Chang, Chirn-Bin; Yang, Rong-Sen; Huang, Wei-Jia; Chou, Yi-Chun; Wen, Chiung-Jung; Huang, Ting-Chun; Chen, Ming-Chang; Chan, Ding-Cheng.
Afiliación
  • Chang CB; Department of Internal Medicine, National Taiwan University BioMedical Park Hospital, Chu-Tung Campus, Hsinchu County, Taiwan; Department of Geriatrics and Gerontology, National Taiwan University Hospital, Taipei, Taiwan; Department of Internal Medicine, National Taiwan University Hospital, Taipei,
  • Yang RS; Department of Orthopaedics, National Taiwan University Hospital, Taipei, Taiwan. Electronic address: rsy0819@gmail.com.
  • Huang WJ; Department of Geriatrics and Gerontology, National Taiwan University Hospital, Taipei, Taiwan.
  • Chou YC; Department of Geriatrics and Gerontology, National Taiwan University Hospital, Taipei, Taiwan.
  • Wen CJ; Department of Geriatrics and Gerontology, National Taiwan University Hospital, Taipei, Taiwan.
  • Huang TC; Department of Orthopaedics, National Taiwan University BioMedical Park Hospital, Chu-Tung Campus, Hsinchu County, Taiwan.
  • Chen MC; Department of Orthopaedics, National Taiwan University BioMedical Park Hospital, Chu-Tung Campus, Hsinchu County, Taiwan.
  • Chan DC; Department of Geriatrics and Gerontology, National Taiwan University Hospital, Taipei, Taiwan; Department of Internal Medicine, National Taiwan University Hospital, Taipei, Taiwan. Electronic address: doctord6226@yahoo.com.
J Formos Med Assoc ; 122(8): 690-698, 2023 Aug.
Article en En | MEDLINE | ID: mdl-36509579
ABSTRACT

BACKGROUND:

A fracture liaison services (FLSs) and its modified services reduce refractures and mortality and can be cost-effective. Limited studies have addressed whether urban-rural differences exist in vertebral fracture outcomes and management. Therefore, the aims of the study were to investigate any urban-rural differences in refracture, mortality, prescription pattern, and associated factors of vertebral fractures after receiving assistance from an FLSs.

METHODS:

Baseline characteristics and osteoporosis medication prescription patterns of participants were collected. After 1-year follow-up, mortality, refracture rate, and osteoporosis medication switching and adherence were evaluated. Multivariate logistic regressions were performed to identify baseline correlates on one-year mortality.

RESULTS:

There was higher mortality rate in the rural group but no urban-rural difference in the 1-year refracture rate after implementation of FLSs and medication management services (MMSs). The types of osteoporosis medications prescribed for both groups were similar, but participants in the rural group were less likely to change their osteoporosis medications during the 1-year follow-up timeframe and with lower adherence rate.
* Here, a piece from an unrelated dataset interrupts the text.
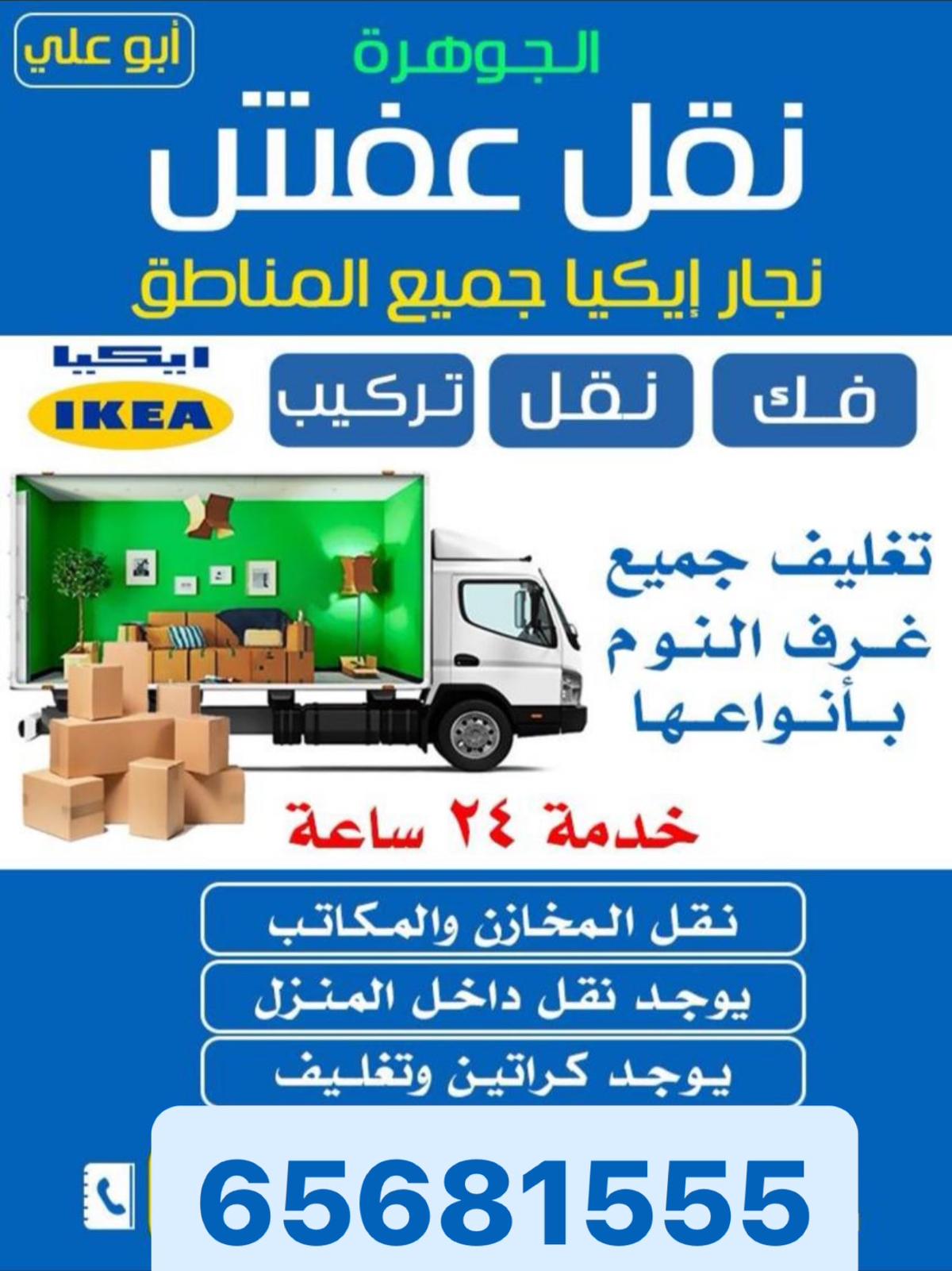 فك - نقل - تركيب نجار إيكيا جميع المناطق - تغليف جميع عرف النوم بأنواعها خدمة ٢٤ ساعة - نقل المخازن والمكاتب - يوجد نقل داخل المنزل - يوجد كراتين وتغليف

The likelihood of being older and having chronic kidney disease, osteoarthritis, and neurological disease was higher in the rural group.

CONCLUSION:

Our multicomponent services have similar effectiveness in osteoporosis treatment between urban and rural areas. The overall adherence rate was lower in the rural group with higher mortality but no difference in the refracture rate in one year.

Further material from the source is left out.